Example: Identify “storm drain” and “lane” as contextual keywords and use them to contextualize nearby entities.
• Keyword Proximity Analysis:
Analyze the proximity of detected entities to specific keywords or phrases related to the driving scenario.
Example: Analyze the proximity of entities like “vehicle,” “collision,” “lane,” etc., to identify relevant PII.
• Contextual Clustering:
Use of group-detected entities based on their semantic similarity and context within the narrative.
Example: Group entities related to driving maneuvers, road conditions, and vehicles to understand the context better.
• Sentiment Analysis:
Analyze the sentiment of the narrative to identify phrases or keywords indicating personal experiences or emotions.
Example: Determine the sentiment around phrases like “much-needed respite” to understand the emotional context.
iv. Anonymization or Redaction of PII: Identified PII undergoes anonymization or redaction, replaced with generic placeholders, or removed, based on the requirement to maintain narrative integrity for further processing.
v. Conversion to Structured Format: The sanitized narrative is finally transformed into a structured format like OpenSCENARIO®, employing algorithms to parse and map narrative elements (actions, entities, conditions) to structured language constructs.

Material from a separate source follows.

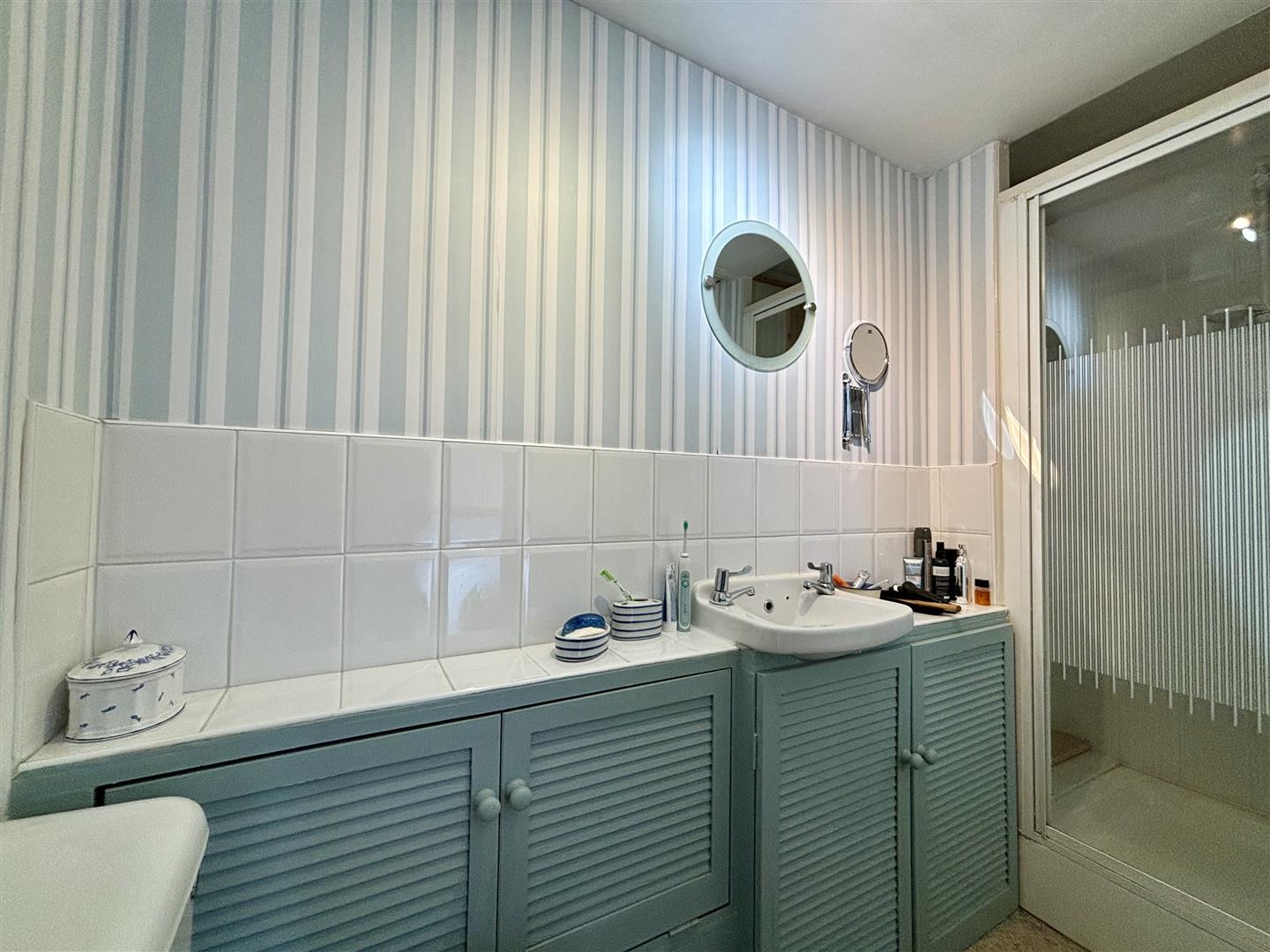 Comprising of a walk-in shower cubicle with an electric shower, WC and a washbasin with storage below. Central heating radiator.

b. In the scenario, “The other day, after a respite from heavy downpour, I attempted to avoid sandbags near a storm drain, almost colliding with a vehicle in the adjacent lane,” the process involves:
i. Normalization: Adjusting the narrative’s format for consistency.
ii. PID via NLP Models: Scanning for PII; in this case, none is present.

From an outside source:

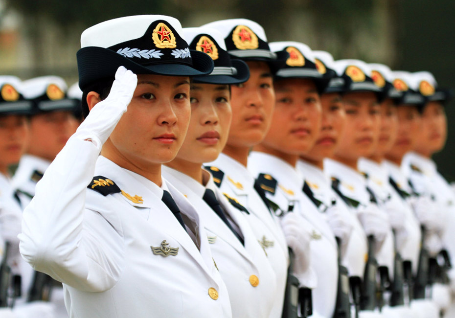 5月5日,海軍陸戰(zhàn)隊女隊員接受檢閱。圖片來源:新華網(wǎng) 查春明攝

Transformation: Parsing the scenario to extract elements like the environmental condition (“heavy downpour”), obstacles (“sandbags”), and actions (“avoid” and “almost colliding”), then structuring these details in OpenSCENARIO® format, ensuring accurate depiction without PII exposure.

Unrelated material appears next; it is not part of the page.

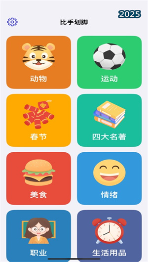 2. 丰富的题库内容:比手划脚App提供了包括动物、运动、春节、四大名著、美食、情绪、职业、生活用品等在内的多种题库,且题库会持续更新。这一特色确保了游戏的多样性和持久性,用户每次打开App都能发现新的挑战和乐趣,保持游戏的新鲜感和吸引力。

[069] Identifying similar driving scenarios based on a similarity score from among a plurality of driving scenarios generated for the plurality on driving scenarios to rank in accordance with frequency of occurrence of similar scenarios.
[070] Using search and recommendation techniques to identify similar scenarios
a. Driving scenarios are ranked based on their similarity scores ( for example, cosine similarity score) in descending order using custom word embeddings trained on a large corpus of driving scenario narrative text data. Higher similarity scores indicate greater similarity between scenarios.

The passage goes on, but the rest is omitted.